Topped with buttery oat toppings, these apple cookies are the ultimate cookies for all fall baking needs. These chewy brown sugar cookies are scattered with soft, spiced apple fragments and topped with buttery cinnamon oat strose. They are soft in the center, crisp at the top, and essentially everything that’s good in autumn is wrapped in one handheld treat.

What ingredients do you need to make a crisp Apple cookie?
You need one juicy apple to make these apple crunchy cookies, making it a perfect autumn treat to make when you’re only lying down one apple or you don’t feel like chopping it to peel and bunch to make a pie. Here are everything you need to make these cookies:
Unsalted butter light brown sugar granulated sugar eggs vanilla extract full visual flour oat baking soda salt apple cinnamon nut megginger

Our Tips for Making the Best Apple Cookies of the Season
Make Streusel topping first: When you first mix the crisp topping, you think it’s wet, but once it sits it’ll stick to perfect consistency! Use a good apple: Your apple flavor really shines with these cookies, so grab something tasty enough to eat without being wrapped in butter brown sugar cookie dough. Press the crispy topping into the dough. Gently press the oat topping into a bowl of dough and relax as you bake. Store leftovers in the fridge: More details below!

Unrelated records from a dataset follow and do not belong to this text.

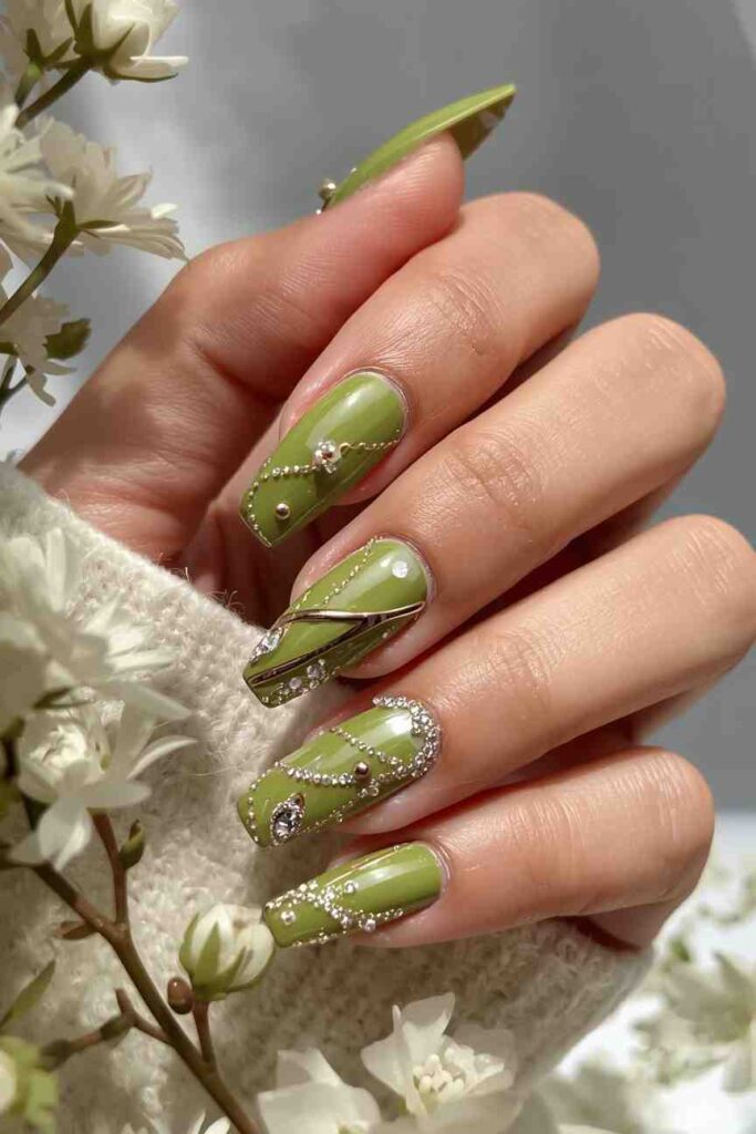 Olive green nails bring an earthy, nature-inspired vibe. This muted shade works well with gold detailing or plaid nail art, offering a stylish and trendy seasonal manicure.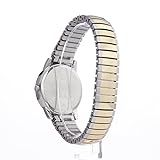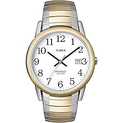 Easy to Read Dial: White easy-to-read dial with date window at 3 o'clock; full Arabic numerals Stainless Steel Expansion Band: Two-tone 18mm stainless steel expansion band fits up to 8-inch wrist circumference INDIGLO Backlight: INDIGLO light-up watch dial allows you to read the time in the dark with the push of a button Simplicity and Effortless Style: Two-tone 35mm brass case with mineral glass crystal Water Resistant to 30 Meters: Withstands splashes or brief immersion in water, but not suitable for swimming or bathing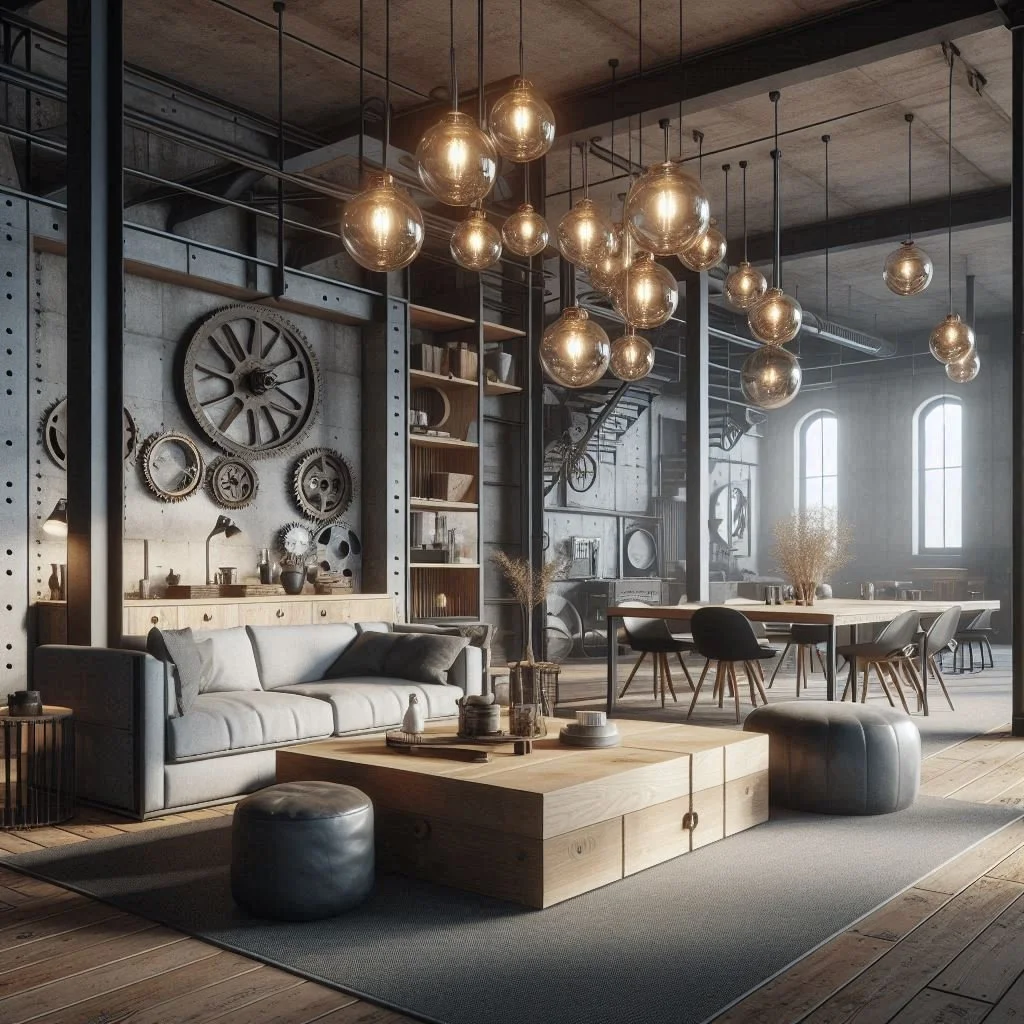 Lighting is essential in industrial design, serving as both a functional and aesthetic element. Choose industrial-style fixtures such as pendant lights with Edison bulbs or metal chandeliers to underscore the raw, unfinished appeal of this design. These types of lighting emphasize the industrial decor's characteristic ruggedness while offering ample illumination. The interplay of metal and glass not only enhances the space's modern edge but also acts as a stylish focal point. By selecting fixtures with exposed bulbs and utilitarian designs, you can accentuate the industrial theme and create a striking visual impact, ensuring that your lighting complements and elevates the overall ambiance of your living room.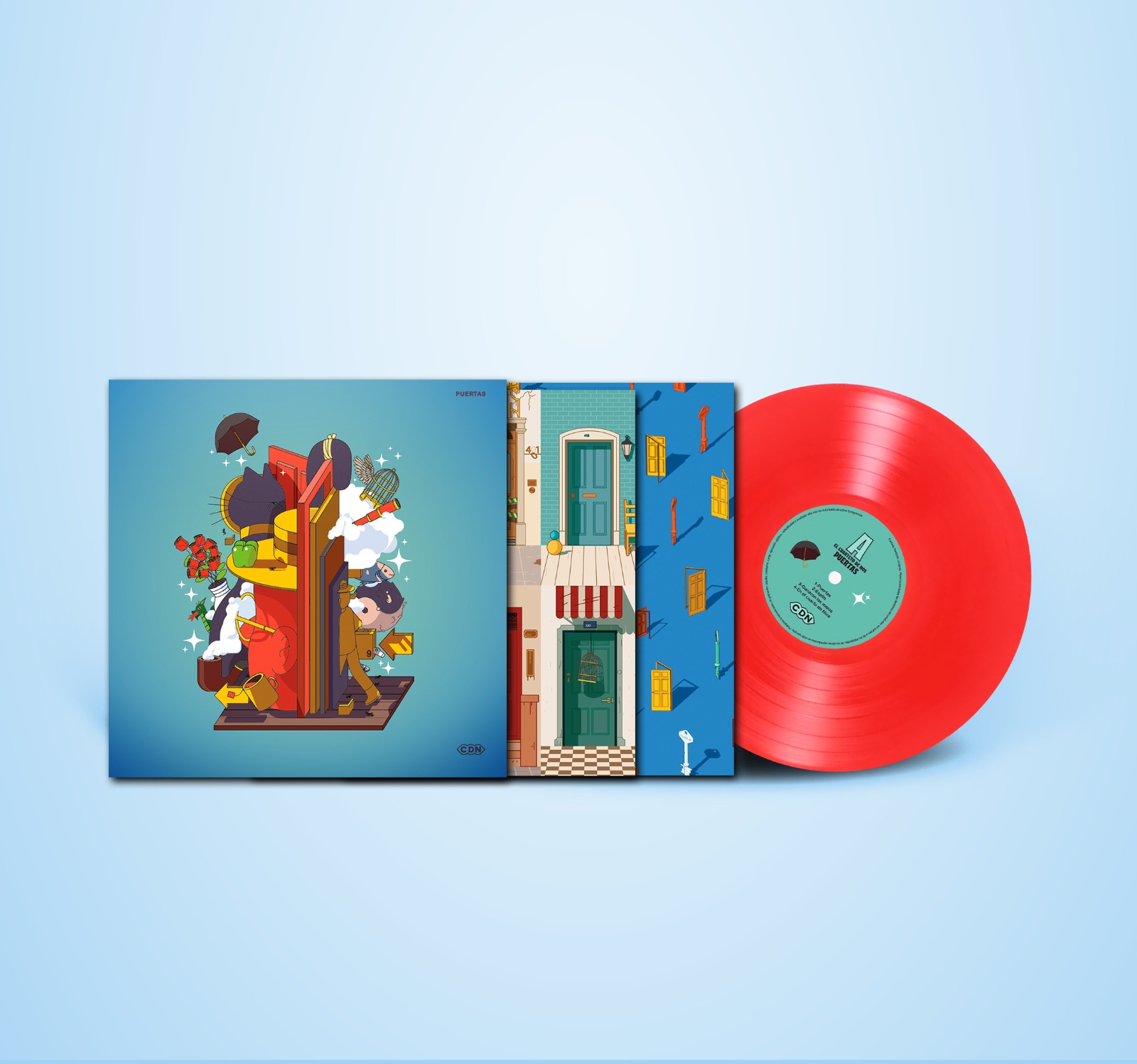 VINILO 12″ ROJO, INSERTO CON LETRAS Y FUNDA INTERIOR IMPRESA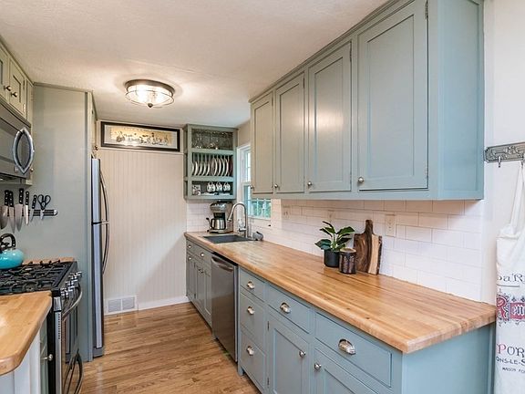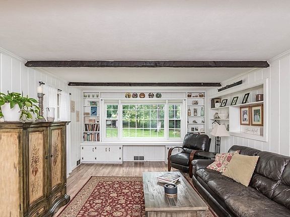This delightful Cape combines proximity to amenities with the sought-after privacy homeowners desire. Sunken family room boasts picture windows in the front & back, with built-ins to showcase cherished possessions. This space leads to the remodeled kitchen, featuring wooden countertops, modern appliances, & a handy plate & glassware rack. Dining room, enhanced by updated lighting & cozy fireplace, an updated full bathroom with tiled tub/shower, wainscoting, newer vanity, & updated lighting, primary bedroom with wood floors & a second bedroom that has been cleverly transformed into a remote workspace & laundry room complete the first floor. Upstairs, discover another renovated full bathroom with shower & wainscoting, along with two additional bedrooms. Enjoy entertaining in this yard adorned by trees, garden beds, fire pit, large deck & a shed to store your tools. Town center with shopping, restaurants, & more only minutes away. Highest & best offers due Mon, Sep 18 at 8pm (EST).

How to store Apple Crisp cookies
How to store Apple Crisp cookies
These cookies are very good and may not last long enough to worry about storage. But if you somehow become an extra:
Room temperature: Store in an airtight container for up to 1 day. I really recommend storing these at room temperature on the day you bake it overnight, as the fruit can be a little funky! Refrigerator: For longer storage (5-6 days), let it cool and then bring to room temperature before eating (or eat it cold!). Freezer: Freeze baked cookies for up to 2 months. Thaw at room temperature or warm in a 300°F oven for 5-10 minutes and tastes like freshly baked!
Happy Fall Baking, my friend!
enjoy!
xxx
printing
For crisp toppings
3 tablespoons Unsalted butter, melted
3 tablespoons Light brown sugar
4 tbsp All-purpose flour
3 tablespoons Old fashioned oats
1 tsp Ground Cinnamon
For cookies
1/2 cup Unsalted butterat room temperature
1/2 cup It’s packed Light brown sugar
1/4 cup Granule sugar
1 Big eggs at room temperature
2 tsp Vanilla extract
1 2/3 cup All-purpose flour
1/4 tsp baking soda
1/2 tsp salt
1 Big apple, peeled, cored and sliced into small pieces
1 tsp Ground Cinnamon
1/4 tsp Ground nutmeg
1/4 tsp Ground Ginger
For vanilla icing (optional)
1/2 cup Powdered sugar
1 tablespoon milk
1/2 tsp Pinch of vanilla extract salt
Instructions
Preheat the oven to 350°F. Arrange the tops with parchment paper. Please put it aside. First, make a crisp topping. In a small bowl, combine the melted butter, brown sugar, flour, oats and cinnamon and stir until the mixture starts to coagulate together. Please put it aside. In a stand mixer with a paddle attachment, beat the butter, brown sugar and granulated sugar on low speed until combined. Gradually increase the speed to medium height and mix until lightly and fluffy, about 2 minutes. Using a silicone spatula, rub the sides and bottom of the bowl and add the eggs and vanilla. Shake at medium speed until the mixture is smooth and combined and scrapes off the sides and bottom of the bowl as needed for about 1 minute. Add the flour, baking soda and salt, just mix and beat low until there are no flour streaks, about 30 seconds. Combine apple fragments, spices and toss in a small bowl. Add the spiced apples to the dough and use a rubber spatula to fold them together until the apples are evenly distributed. I used a 2-ounce cookie scoop to scoop the level section of the dough (a large spoon will work too. The bowl should be about 3 cups). Place on the prepared baking sheet and separate the dough bowls 2 inches apart. Press about two tablespoons of refreshing toppings to the top of the dough bowl. Bake until the cookies swell and set around the edges and harden, but in the center they tender for 15-16 minutes. Remove the baking sheet from the oven, let the cookies rest on the baking sheet for 5 minutes, then use a metal spatula to transfer the cookies to a cooling rack to cool them. Once the cookies are cool, make icing if necessary. Combine all the icing ingredients in a small bowl and whisk to mix. Serve with a drizzle on top of the cookie. enjoy!